Walaa Cooperative Insurance Company invites its shareholders to attend the Extraordinary General Assembly Meeting which includes the Increase in the Share Capital of the Company (First Meeting)
The Board of Directors at Walaa Cooperative Insurance Company (“Walaa Insurance Company”) is pleased to invite the Company’s shareholders to attend the Extraordinary General Meeting –First Meeting– ("EGM") which includes the increase and will be held by attending and online through the modern technology, God willing, at 19:00 p.m. On Thursday 15/09/2022G Corresponding 19/02/1444 H
Algosaibi Hotel ,Hamad Alqosaibi St., Al Khobar City and through modern technology
Through modern technology
19/02/1444H (Corresponding to 15/09/2022G)
As per the rules and regulations, any shareholder registered in the Company’s share registry at the Depository Center (Edaa) as of the end of trading on the EGM day, has the right to attend the EGM.
The EGM will be valid only if attended by shareholders representing at least half (50%) of the Share Capital. In case of non-completion of the Quorum at this meeting, a second meeting will be held within one hour of the scheduled time for the first meeting, and this meeting will be valid if attended by shareholders representing at least one quarter (25%) of the Share Capital.
1. Voting on the merging of SABB Takaful Company into Walaa in accordance with the provisions of Articles (191), (192) and (193) of the Companies Law. by issuing (0.6005476176470590) new shares in Walaa against each share in SABB Takaful (“Merger Transaction”), in accordance with the terms and conditions of the merger agreement signed between both companies on 23/07/1443H (Corresponding to 24/02/2022G) (“Merger Agreement"), including voting on the following matters related to the Merger Transaction:
a. Vote on the terms of the Merger Agreement.
b. Vote on the capital increase of Walaa from six hundred and forty-six million, three hundred and ninety-seven thousand and sixty Saudi Riyals (SAR 646,397,060) to eight hundred and fifty million, five hundred and eighty-three thousand, two hundred and fifty Saudi Riyals (SAR 850,583,250), in accordance with the terms and conditions of the Merger Agreement.

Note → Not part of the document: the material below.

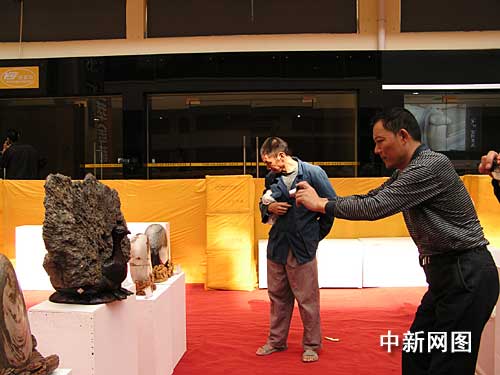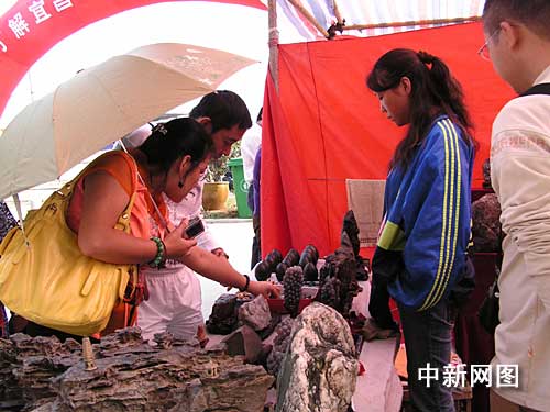 來自全國各地的數千件天然奇石亮相宜昌,圖當地市民拍攝奇石 。 作 者:劉濤

c. Vote on amending Article 8 “Share Capital” in Walaa’s Bylaws. The amendment is subject to the approval of the Merger Transaction. (Attached)
d. Vote on the authorization of Walaa’s board of directors, or any person authorized by the board of directors, to adopt any resolution or take any action as may be necessary to implement any of the above resolutions.
2. Vote on amending the name “Saudi Arabian Monetary Authority “ to “ Saudi Central Bank” in Walaa’s Bylaws (attached).
The shareholders who are registered in Tadawulaty can remotely vote on the General Assembly Meeting’s agenda items through the following link: (www.tadawulaty.com.sa).
Voting on the items of the EGM agenda online will be start from 01:00 AM on Monday 16/02/1444H (corresponding to 12/09/2022G ), until the end of the EGM.
According to Article 191 (4) of the Companies Law and Article 3 (n) of the Merger and Acquisition Regulations, a shareholder that holds shares in both Walaa and SABB Takaful Company is only entitled to vote on resolutions relating to the Merger Transaction in the EGM of one of the companies. If a shareholder votes on the resolutions related to the Merger Transaction in the EGM of both Walaa and SABB Takaful Company, then his vote will only be counted in one of the EGMs.